Gara (previously known as Loulo 0) is hosted within an intensely tourmaline greywacke unit which outcrops on the surface due to its high resistance to weathering. Gold mineralization is strata bound and hosted by a stockwork of quartz-carbonite-pyrite veinlets that is enveloped by footwall greywacke and hanging wall (“HW”) Sheared Quartzite Rose. The higher gold grades generally occur where the veins are most intense and the range of vein orientations more complex.

Gold mineralisation is stratabound and hosted predominantly within the QT sandstone unit, which is enveloped within FW greywackes and HW schistose sandstone. Higher gold grades typically occur in areas where the veining is most intense and the range of vein orientation, more complex and are mostly in association with carbonate-pyrite. The sulphide assemblage predominantly consists of disseminated auriferous pyrite with minor chalcopyrite, scheelite, and nickeliferous sulphides.

Yalea
Yalea is located 5.7 km SE of Gara, in a 2.5 km long, north-south striking, steeply dipping shear zone with pervasive albite altered sandstone and breccias that are partly overprinted by zones of carbonate alteration. Mineralisation averages 11 m width over 1.3 km depth. Host lithologies at Yalea (from west to east) consist of grey quartzite (black sandstone) in the hanging wall, with tectonic breccias in the north. Immediately above the main body of mineralisation is a thin (0 m to 5 m) sequence of banded schistose greyish limestone, with alternating white and grey calcitic layers and dark grey to black phyllite units. The main mineralised body is a hydrothermally brecciated argillaceous pink quartzite that becomes more argillaceous (and less altered) towards the footwall. A higher grade ‘Purple Patch’ zone is observed in a dilatational strain transfer zone formed as the dip of the mineralised package steepens, forming hydraulic breccias. The footwall package is a thick sequence of argillaceous quartzite and black sandstone. This sedimentary package is intruded locally by thin (0.1 m to 2 m) acidic intrusives of mostly granitic composition. The country rocks are also crosscut by a late E-W trending dolerite dyke that is generally subhorizontal, with a gentle southward plunge.

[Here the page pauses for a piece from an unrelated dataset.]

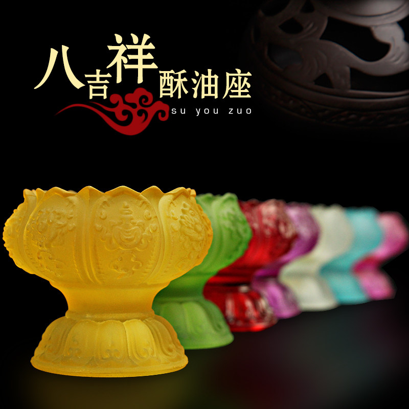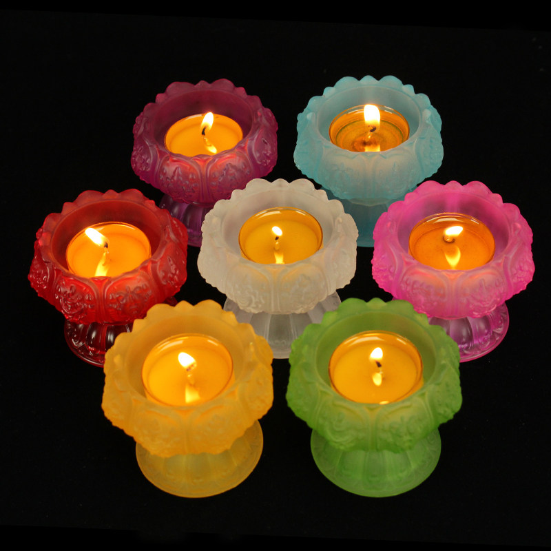 玻璃烛台 七彩酥油灯座莲花高脚琉璃酥油座灯盏长明灯

The Yalea main mineralized body is hosted by the Yalea Shear, where it is intercepted by the Yalea Structure. The Yalea Shear is a 1.4-kilometer long brittle-ductile, north-south striking, mineralized fault that transects the Yalea Structure, which is a complex, north to north-northeast striking shear zone. The Yalea mineralization is predominantly hosted in hydrothermally brecciated argillaceous pink quartzites.

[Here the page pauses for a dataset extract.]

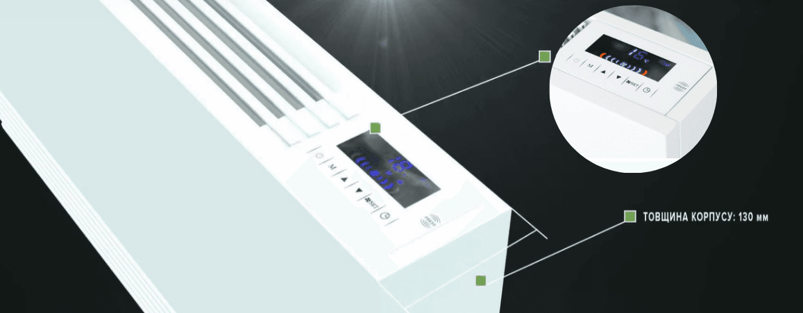 Управление фанкойлом можно осуществлять через сенсорную панель управления с LED-дисплеем или с помощью Wi-Fi, что обеспечивает максимальный комфорт пользователя.

Baboto is a shear hosted deposit situated along a north-south striking shear structure located approximately 14 kilometers north-northeast from the Yalea deposit. Baboto is dominated by a thick sequence of metasediments and structural breccias. Gold mineralization is mainly associated with the finely disseminated pyrite occurring in the brittle-ductile shear breccias.

Loulo 3 is located 4 kilometers north-northeast of the Yalea mine. Loulo 3 consists of four mineralized zones: a north-northwest trending main zone (“MZ1”), which is situated on the Loulo 3 structure and is transected by the north-northeast striking main zone (“MZ2”), which is situated on the Yalea structure, and two sub- parallel northwest striking footwall zones. The stratigraphy at Loulo 3 (inclusive of Loulo 2) comprises three major lithological sub units, which from east to west include: the HW package (subunits HW1 to HW5), the host package (subunits HP1 to HP4), and the footwall (“FW”) package (subunits FW1 to FW2). The mineralization in Loulo 3 is hosted in the HP4 subunit of the Main Sandstone package with a dominant vein-hosted mineralization style within MZ1 or quartz-tourmaline veins in MZ2. These vein arrays locally transition into bedding-parallel hydrothermal breccias with local semi- massive to massive pyrite, which can also include arsenopyite and hematite, and form the high-grade shoots within the Loulo 3 deposit. The position of the high grade shoots is controlled by pre-existing competence contrasts within the host rock package.

Gounkoto Mine
The Gounkoto gold mine consists of two mineral deposits: Gounkoto and Faraba.

Gounkoto
Gounkoto is a large north-northwest trending shear zone, with a complex assemblage of ductile shear breccias, shears and faults characterized by a stepped geometry, with wider zones of mineralization generally seen on the northwest trending structures and narrower zones on the north-south trending structures.

Gold mineralisation at Gounkoto is hosted in silica-albite-sericite altered wall rocks with high grade mineralisation associated with overprinting chlorite-hematite within hydrothermal breccias and high strain chlorite-sericite shears and subordinate limestone. Several phases of alteration are evident at Gounkoto. An earlier generation of barren albite alteration, peripheral to the deposit, is deformed by a system wide shear zone, while the albite associated with mineralisation is superimposed on this shear zone. Several phases of oxidation occurring at various stages relative to gold mineralisation deposition resulted in iron mineralisation, producing characteristic zones of red oxidised hematite alteration.

Faraba
The Faraba deposit strikes north-northwest and is comprised of several zones of gold mineralization hosted within and along the contacts of north-south striking, coarse-grained, gritty sandstone units (lithic wackes) and polymictic breccias, flanked by packages of sheared argillaceous sediments. Lithological layering (transposed bedding) dips steeply westward; however, the mineralized zones (with associated silica, silica-carbonate, and late overprinting hematite alteration) dip steeply to the east. The mineralization terminates up against the west-dipping Faraba Structure at depth. Mineralization is predominantly pyrite, with subordinate arsenopyrite, local magnetite, rare chalcopyrite and pyrrhotite. The mineralization is rheological competency contrast controlled and is typically vein-hosted (i.e. massive, stringers and blebs), or occurs as dissemination in strongly altered hosts (i.e. blebs and fine grains), with semi-massive to massive sulphides typically within the lower parts of the system adjacent to the Faraba Structure.

Mining Methods

• Truck & Shovel / Loader
• Longhole open stoping
• Longitudinal open stoping

Summary:

The Loulo-Gounkoto Complex is comprised of open pits at Gounkoto, Yalea South, Gara West, and Baboto. Under the life-of-mine plan, mining at Loulo 3 open pit is expected to commence in 2027 and at Faraba open pit in 2029.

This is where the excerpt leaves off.